Сюжетные линии немного не дотягивают до такой вот зрелости и цельности. Они необязательны и не всегда остроумны. Что-то в них есть от имитации народности.
Но в любом случае, книжка ценная. Ради одного только языка читать стоит. Самые удавшиеся — на бытовые-семейные темы. Привожу две байки из книжки. За сканирование спасибо Елене Калагиной.

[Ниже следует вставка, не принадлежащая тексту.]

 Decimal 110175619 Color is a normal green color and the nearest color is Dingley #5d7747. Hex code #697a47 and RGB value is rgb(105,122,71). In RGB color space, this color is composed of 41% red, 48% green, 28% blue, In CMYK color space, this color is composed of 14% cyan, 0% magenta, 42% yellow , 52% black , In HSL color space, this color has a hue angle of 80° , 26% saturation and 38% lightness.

Мила Блинова — автор ещё четырёх книжек, детских, «про Кышей»: «Домик в подарок», «Птичка Сяпа», «Дело в шляпе», «Чмока».

Ольга Арефьева

Старый дедок — сладкий медок

У излучины реки на взгорке притулилась пасека. Хозяином ей — дед Матвей. Ничаго мужичок, токмо кобелистай. Ране не одну юбку в деревне не пропускал. Особо жаловал девок молоденьких, ранеточек румяных, на пасеку их приваживал, медком лакомил. А сам-то! 3амухрыжнай, плюгавай! Наружностью лохматай, тюря в бороде, махоркой за версту разит. Дыть это теперя, по молодости-то был задиристай!
От годов не уберегёсси, годы злы — состарился Матянька. Как кудри засеребрились, про девок забыл, бабий пригляд затребовался. Вот за чарочкой «Ерофеича» сельский землемер Фома и говорит Матвею:
— Ну, дед, пора тебе жаниться. Бабу след взять рукасту, упористу. Молодуха те ни к чаму: прожориста да вертлява, пигалка сопливая! Моя така резолюция — бери бабу тёртую, в годах: она ужо перебесивши — нагулявши, навидавши, — станет мужа уважать, под им ходить. Чтоб чуть бровью повёл — она уж щи да кашу ставит.

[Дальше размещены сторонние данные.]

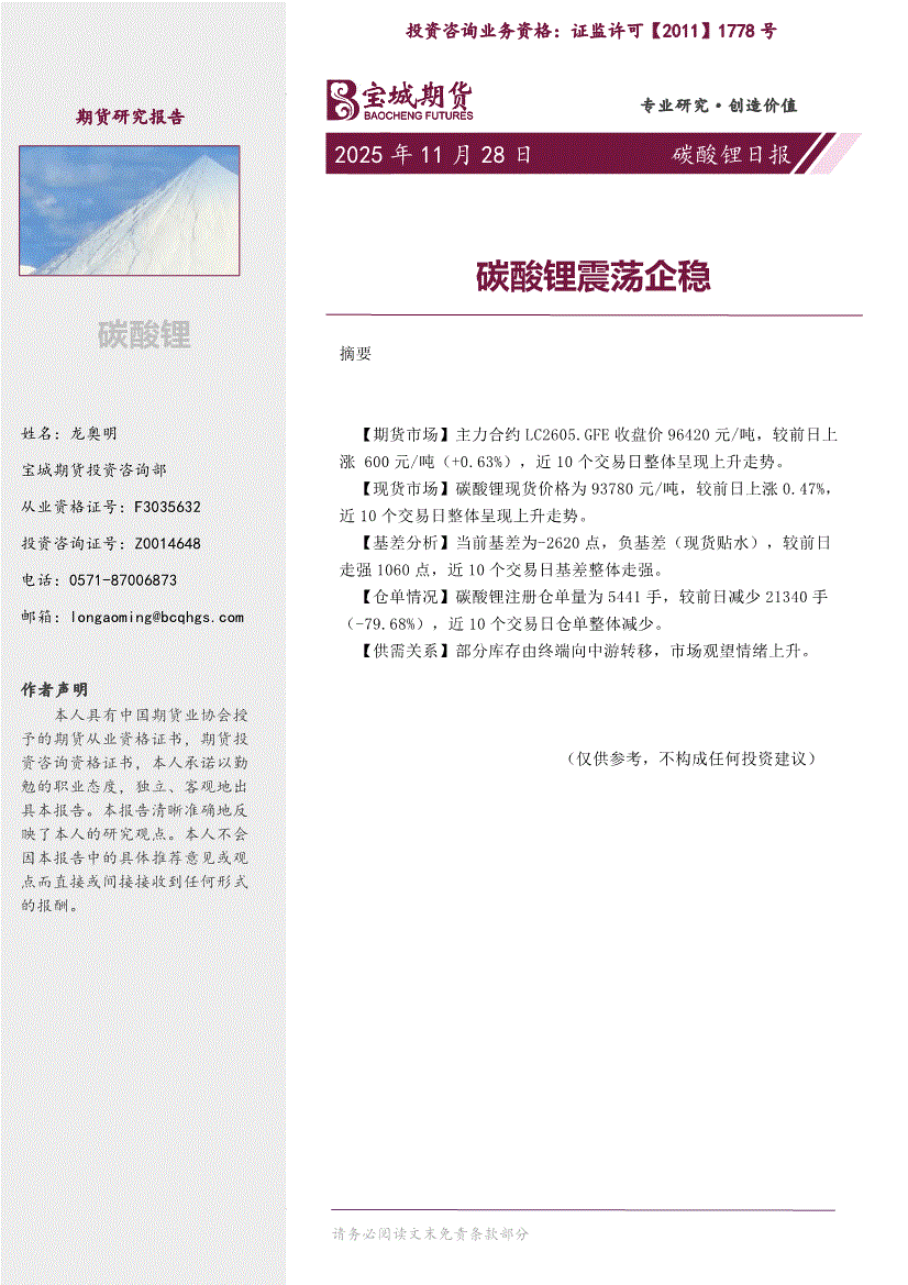 研报:宝城期货-碳酸锂日报:碳酸锂震荡企稳-251128

И то! Стал Матяня баб деревенских обсматривать на семейный предмет. И одна ему сильно глянулась: живёт тихо, одиноко, на краю деревни, у лесу. Хозяйство ведёт справно. Пастила, не баба! Глаз у ей вострый, и пропорцией хороша — мясиста, крутобёдра: кочуй по ей, как по глобусу. И трудолюбива страсть: с утра до вечера в угороде. Покумекал старый: надоть ближее с ей ознакомиться. И в воскресный день отправился на смотрины.
Любая баба — тот ещё тутанхамон. Не выпыташь, что за бес в ей сидит. Эта от отчаяниев да одиночеств таким флюсом заделалася, что характер ейный на корню сгнил, до полной стервозности, да и ума сталось не густо. Втемяшилось ей, дуре, в голову, что в ейном угороде клад лежит. Вот она по угороду с лопатой день-деньской и шарила — то там прикопается, то тут. Ям нарыла тьму.

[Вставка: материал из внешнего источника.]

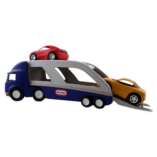 Questa bisarca contiene due macchinine sportive per ore e ore di divertimento.

В то слякотно утро, кодыть наш дед женихаться надумал, всё и случилось. Прибыл жаних к невестиному дому, как положено: в штиблетах рантовых, рубашечке сатиновой, пинжачок через плечо, бутьточка самогоновки в кармане булькат. Токмо зря накануне не сказался, хозяйка б встренула, а так… Дождливо было, склизко… Хахаль-то наш, красивый да кондовый, по первости на месте ещё нe определилси, не освоилси: как шажок от калиточки шагнул, так воробышком в выкопанный бабкой-кладоискалкой глыбокий окоп и улетел. Чирикнуть не успел.
А бабка в тот час по воду шла. Идёт на колодезь, а из-под земли звуки странныя, стенает кто-тось:
— Кто я? Где я? Неужто на том свете? Чёрна жижа кругом…
Бабка со страху по-жабьи присела, насторожилася. А дед из окопу:
— Кака росомаха тута ям нарыла, лихоманка её возьми? Эк заноза-то — не выколупишься отсед!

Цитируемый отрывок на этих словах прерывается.